Tag Archive for: perfectionism

Begin Again

Several years ago, I took a mindfulness meditation class and the concept of “Begin Again” became an integral part of my daily life. In meditation, when your mind starts to wander and you recognize the distraction, the phrase Begin Again is often used to bring your attention back to your breath. This act of “awareness and return” IS the practice of meditation. It gave me permission to mess up repeatedly without beating myself up (a useful tool for recovering perfectionists!).

The Begin Again concept is simple, and, like most profound things, immensely difficult to master. The idea isn’t new — of course we begin again after we fail. Yet, somehow in this context, in the safe place of meditation, those two simple words allowed me to exhale more deeply, let go of some of the daily stress, and settle into my body offering myself permission to get distracted over and over. I knew all I had to do to “fix” the situation was bring my attention back to my breath — to pause and begin again. This repeated process helped me recognize that my definition of failure was too rigid. I needed to offer myself more grace, more love, and much more forgiveness.

The practice opened my eyes to other areas where I needed more clarity on what I was doing or thinking so I could choose to move forward in new ways. Was I spending time doing things I really cared about? Was I allowing myself to wish and dream? Or was I simply going through the motions because it was easy and comfortable? I especially needed to re-evaluate how I was dealing (or not dealing) with past traumas. It turns out that burying emotions inside for decades isn’t the best way to reach optimal health! So, I chose to Begin Again with a new kind of work. Deep inner work that would have me beginning again and again, in ways I never imagined.

Over time, I realized that I wanted to serve more, in meaningful and tangible ways. I wanted to share my knowledge and experience of how the body can heal itself, and how small consistent actions can lead to life-changing results. I believe that personal health is a journey, not a point in time or destination to be reached. Health must be tended to, and cherished, every day. When we make less-than-healthy choices or life dumps a health challenge in our lap, may we all remember to Begin Again with grace, love and self-compassion.

How will you choose to begin again today?

My Story

Growing up as a competitive gymnast, I had a fierce determination and tremendous appreciation for hard work, focus, and risk taking. After a back injury ended my gymnastics career, I switched to dance as my exercise and creative outlet — earning a BFA, then performing and choreographing professionally for several years before settling into “real” work.

I’ve always considered myself healthy — even though I was diagnosed with my first autoimmune condition (hypothyroidism) in my early 20s and disordered-eating/body-issues were no strangers. As I plugged along, checking off the boxes of life — getting married, having babies, building a career — I didn’t quite realize how much stress I was accumulating and how my overachieving, perfectionist tendencies were draining my lifeforce.

That all become apparent in 2014, when my pancreas stopped functioning properly. I was diagnosed with Adult-Onset Type 1 Diabetes. My initial reaction was shock and disbelief, followed quickly by, “How do I fix this?” Through frustration, anger, AND the belief in my body’s ability to heal itself, I started digging deeper and asking questions. Why was my body attacking itself?  What did I need to change to prevent further destruction? When I stepped back and started connecting the dots, the timing was understandable.

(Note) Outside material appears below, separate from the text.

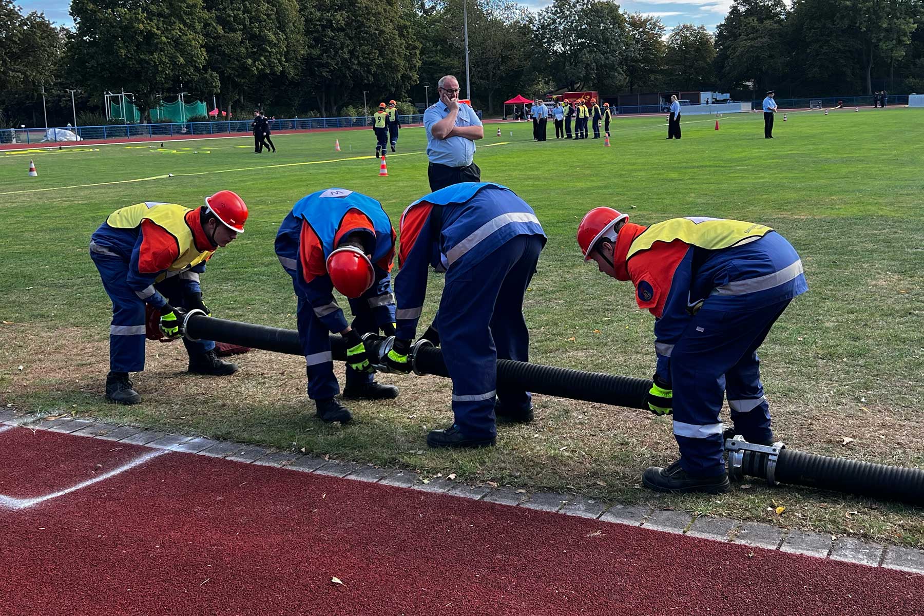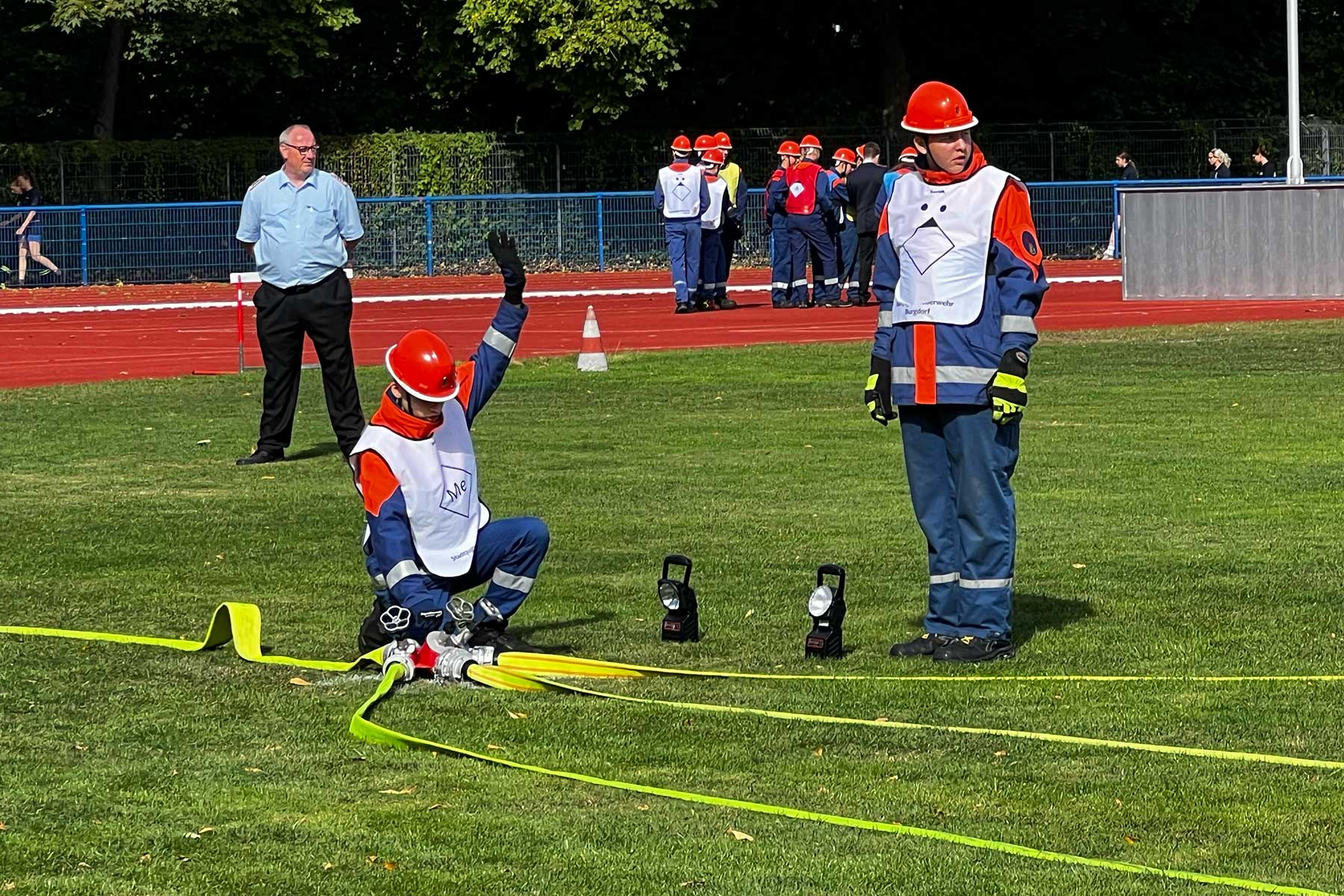 Die Stationen bei der Prüfung am Sonntag beinhalteten einen Löschangriff nach der Feuerwehrdienstvorschrift 3, einen 1.500-Meter-Staffellauf, eine Schnelligkeitsübung als eine Schlauchstaffel, Fragen zu allgemeinem Wissen und Kugelstoßen.

The previous 5 years of my life was a constant state of fear over losing my daughter, who was born with multiple heart defects. While I was doing everything within my power to support my daughter’s miraculous healing-journey, I didn’t realize how much my own health was suffering. I prayed endlessly that I could switch places with my little baby and take on her burden.

Ironically, I was diagnosed with diabetes exactly one week before learning that her heart was healed and open-heart surgery was no longer required.

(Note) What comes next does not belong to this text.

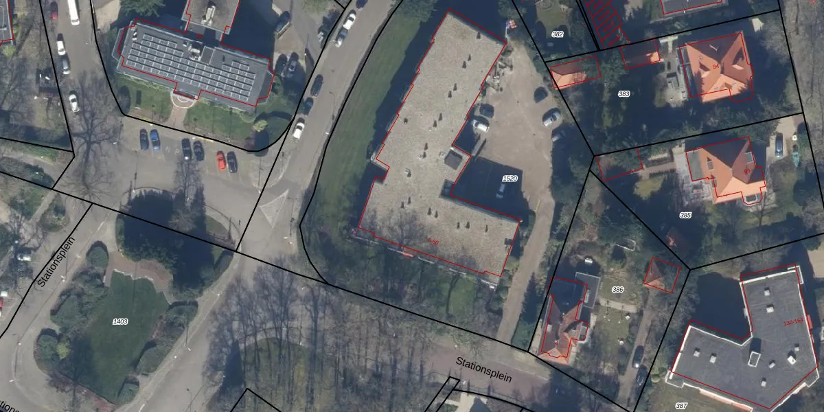 Het perceel waarop Stationsplein 54 staat heeft een oppervlakte van 4430 m². Dit is een zeer groot perceel. De perceeloppervlakte wordt geregistreerd door het Kadaster. Gedetailleerde informatie over de maten van dit perceel kunt u vinden in het rapport Kadastrale kaart met maatvoering van Stationsplein 54.

My journey living with multiple autoimmune conditions continues, yet I hold on to the belief that my body can regenerate. Although I’d like instantaneous healing, I’m becoming more realistic with my timetable and expectations. Fixing 40+ years of stress-induced damage isn’t likely to occur overnight. These days, I focus on living in the present moment, offering myself copious amounts of compassion, and being grateful for all life lessons, whether painful or pleasure-filled.